The entrenched positioning of biologics (in particular, tumor necrosis factor-alpha [TNF-α] inhibitors) to treat moderate to severe rheumatoid arthritis (RA) has generated a lucrative market. However, the barriers to entry are high given the number of effective biological therapies already marketed, including five TNF-α inhibitors,  Bristol-Myers Squibb’s selective costimulation modulator Orencia (abatacept), Roche’s MabThera (rituximab), and the interleukin-6 (IL-6) inhibitor RoActemra (tocilizumab) from Roche. Currently, Orencia, Rituxan, and RoActemra compete for use largely in TNF-refractory patients. A subcutaneous (SC) version of Orencia continues to launch across Europe, and SC RoActemra is expected to launch in 2014, both offering the convenience of self-injection. Oral kinase inhibitors have the potential to shift the treatment algorithm to delay initiation of biological therapy. However, the Committee for Medicinal Products for Human Use (CHMP) refused to grant marketing authorization to Pfizer’s Janus kinase (Jak) inhibitor tofacitinib for use in RA in 2013, causing a significant delay in the agent’s expected launch in Europe. Nevertheless, tofacitinib’s convenience (twice-daily oral) and efficacy profile, similar on several key outcome criteria to that of biologics, will make it a compelling option for RA patients if ultimately approved, although its safety profile (e.g., risk of serious infection and malignancy) remains a concern for rheumatologists. Biosimilar versions of Merck's Remicade (infliximab), Pfizer’s Enbrel (etanercept), and MabThera are also expected to be available by the end of 2016. Competition in this market will, therefore, become increasingly fierce as EU5 payers and prescribers balance clinical need with budgetary constraints. At a time when nationalized healthcare systems are striving to cut drug costs, this report explores dynamics that affect sales of biologics for RA, and examines the levers and barriers that will promote or restrict access for emerging oral kinase inhibitors, biologics, and biosimilars.
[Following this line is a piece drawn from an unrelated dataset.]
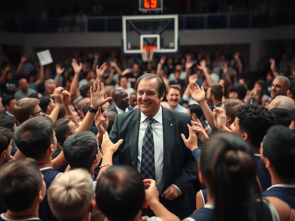 Michigan coach Dusty May will continue to lead the Wolverines for many years to come. Athletic director Warde Manuel made the announcement during a ceremony celebrating the team's NCAA Tournament championship. May led Michigan to a national title in his second season, going 37-3 and beating UConn 69-63 in the championship game. He has an overall coaching record of 190-82. May's new deal was met with a standing ovation and chants of 'Dusty!' from the crowd.

Questions Answered in This Report:

  *   Impact of reimbursement and payer policy on use of current RA biologics: How do prescribing patterns vary between EU5 countries? Which non-TNF biologic is the leading treatment of choice for TNF-refractory patients in each EU5 country? Are there differences in reimbursement constraints between these three brands? What are the key market access challenges in each country? How do healthcare authorities monitor prescribing? What will be the impact of biosimilar versions of Remicade, Enbrel, and MabThera on reimbursement and uptake of branded forms of each molecule and on other therapies?

  *   Payer and physician perspectives on emerging agents for RA: As the number of therapies grows, what patient-specific and drug-specific factors will most influence prescribing decisions? What percentage of surveyed European rheumatologists’ prescriptions for tofacitinib will be in biologics-naive versus biologics-experienced RA patients? How will rheumatologists’ prescribing of established biologics by line of therapy shift following the entry of these oral agents? How might evolving healthcare reforms and increasing cost-containment strategies affect reimbursement and uptake of novel agents?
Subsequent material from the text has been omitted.